The first objective was to study the performance of cellulose acetate (CA) and an advanced crosslinkable polyimide (PDMC) dense film membrane for H₂S separation from natural gas.
The second objective was to engineer those polymers to produce membrane materials with superior performance as measured by efficiency, productivity, and plasticization resistance, and the third objective was to determine the separation performance of these engineered membrane materials under more aggressive, realistic natural gas feeds, and to perform a detailed transport analysis of the factors that impact their performance.

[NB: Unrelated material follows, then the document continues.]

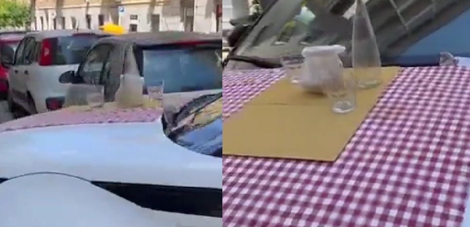 Nakon opetovanog nepropisnog parkiranja od strane neciviliziranog vozača u ulici Muzio Scevola u Rimu (Italija), trgovci i stanovnici Tuscolana smatrali su shodnim natjerati ga da plati tako što su mu ‘postavili’ haubu. Crveno-bijelim kariranim stolnjakom, tipičnim za trattorije, čašama, košaricom za kruh i bokalom s malim cvijetom. Prolaznici tvrde da ovo nije prvi put da je terenac parkiran na nepropisan način ispred restorana.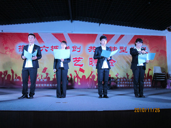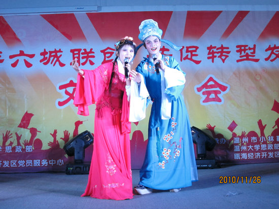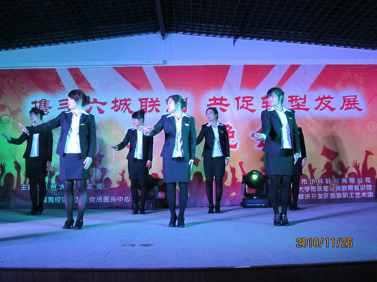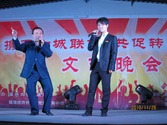 思政部和瓯海经济开发区党员服务中心主办的大型文艺晚会在温州市小林鞋材有限公司举行,来自温大思政部公民教育宣讲团和开发区德赛职工艺术团的演艺人员奉献了一台精彩的寓教于乐的文艺表演。

Work on the first objective showed that in neat CA, penetrant transport is controlled by both the solubility and mobility selectivity, with the former being more dominant, leading to a high overall CO₂/CH₄ (33) and H₂S/CH₄ (35) ideal selectivities. However, in uncrosslinked PDMC, H₂S/CH₄ selectivity favored sorption only, whereas CO₂/CH₄ selectivity favored both mobility and sorption selectivity, leading to a high CO₂/CH₄ (37) but low H₂S/CH₄ (12) ideal selectivities. However, the latter polymer showed more plasticization resistance for CO₂.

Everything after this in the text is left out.